* Work instructions:
A word-for-word reproduction of the data below is needed, with no pictures in it.

* Data extract:
____

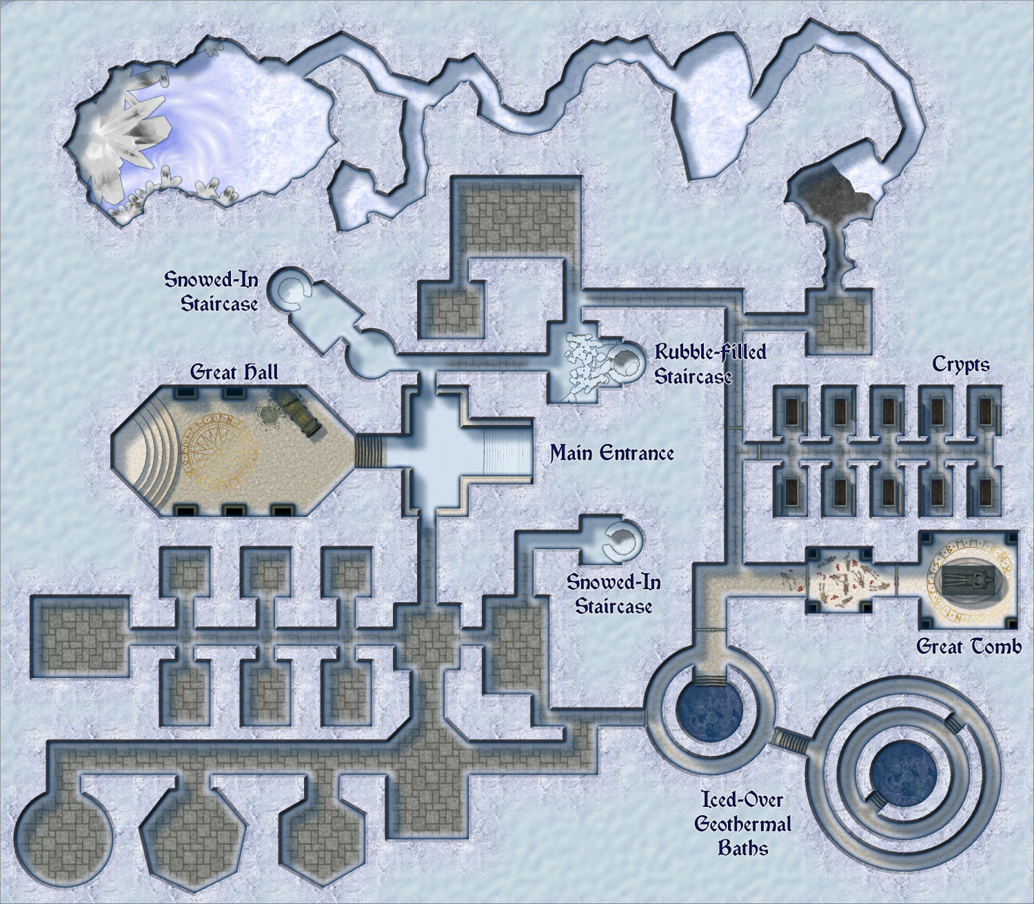 But cold weather is on my mind, and it inspired me to create ruins with the Ice Cave annual. This is the ruins of a dwarven temple that has been overcome by the weather, perhaps magically conjured. (Elsa, are you there?) All of the entrance staircases have been snowed-in. Although the rest of the temple remains snow-free, the walls have turned to ice, and icy frost creeps along the floor from the edges of the walls. Even the geothermal baths in the southeast corner have turned to ice.
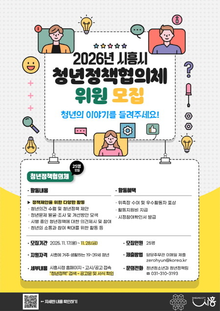 신청 기간은 11월 17일부터 28일까지이며, 시흥시에 거주하거나 생활하는 만 19세~39세 청년이면 누구나 지원할 수 있다. 협의체 위원에게는 위촉장 수여, 활동 지원비 지급, 시정 참여 확인서 발급, 우수 활동자 포상 등 다양한 활동 혜택이 주어진다.
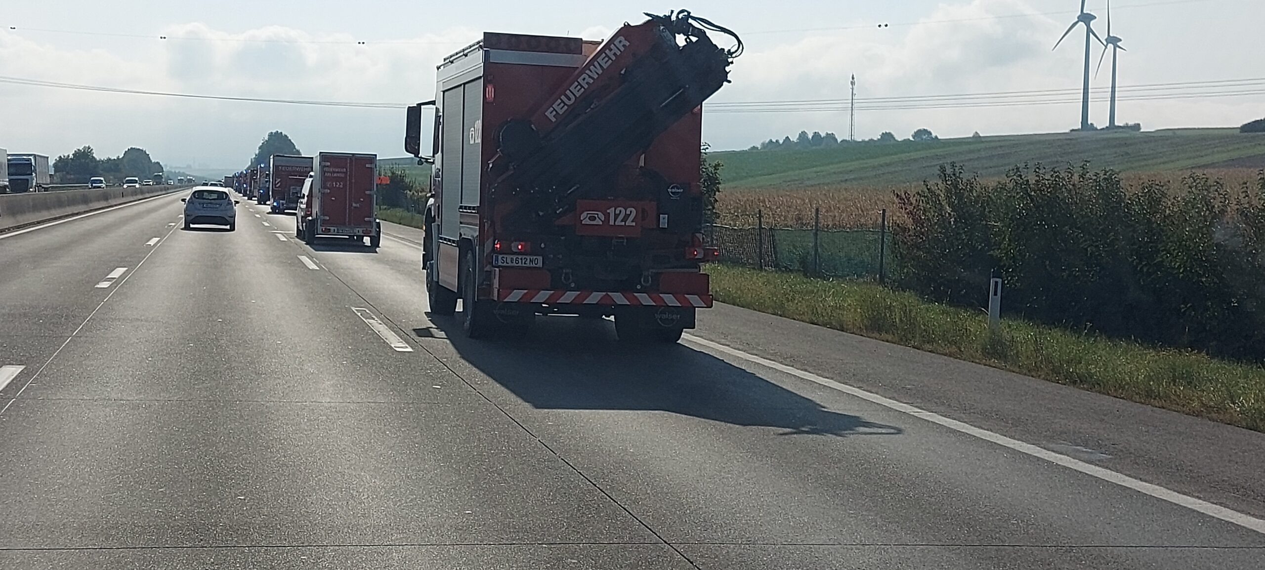 Zu dieser Zeit trafen sich LAST Bruderhof und Bus KDO mit Unterstützungskräften aus den Löschzügen Bruderhof, Gnigl und Itzling, um sich wieder auf den Weg zu machen nach Perschling, die eigenen Kräften nach Hause zu holen.

____

* Result below:
 But cold weather is on my mind, and it inspired me to create ruins with the Ice Cave annual. This is the ruins of a dwarven temple that has been overcome by the weather, perhaps magically conjured. (Elsa, are you there?) All of the entrance staircases have been snowed-in. Although the rest of the temple remains snow-free, the walls have turned to ice, and icy frost creeps along the floor from the edges of the walls. Even the geothermal baths in the southeast corner have turned to ice.
 신청 기간은 11월 17일부터 28일까지이며, 시흥시에 거주하거나 생활하는 만 19세~39세 청년이면 누구나 지원할 수 있다. 협의체 위원에게는 위촉장 수여, 활동 지원비 지급, 시정 참여 확인서 발급, 우수 활동자 포상 등 다양한 활동 혜택이 주어진다.
 Zu dieser Zeit trafen sich LAST Bruderhof und Bus KDO mit Unterstützungskräften aus den Löschzügen Bruderhof, Gnigl und Itzling, um sich wieder auf den Weg zu machen nach Perschling, die eigenen Kräften nach Hause zu holen.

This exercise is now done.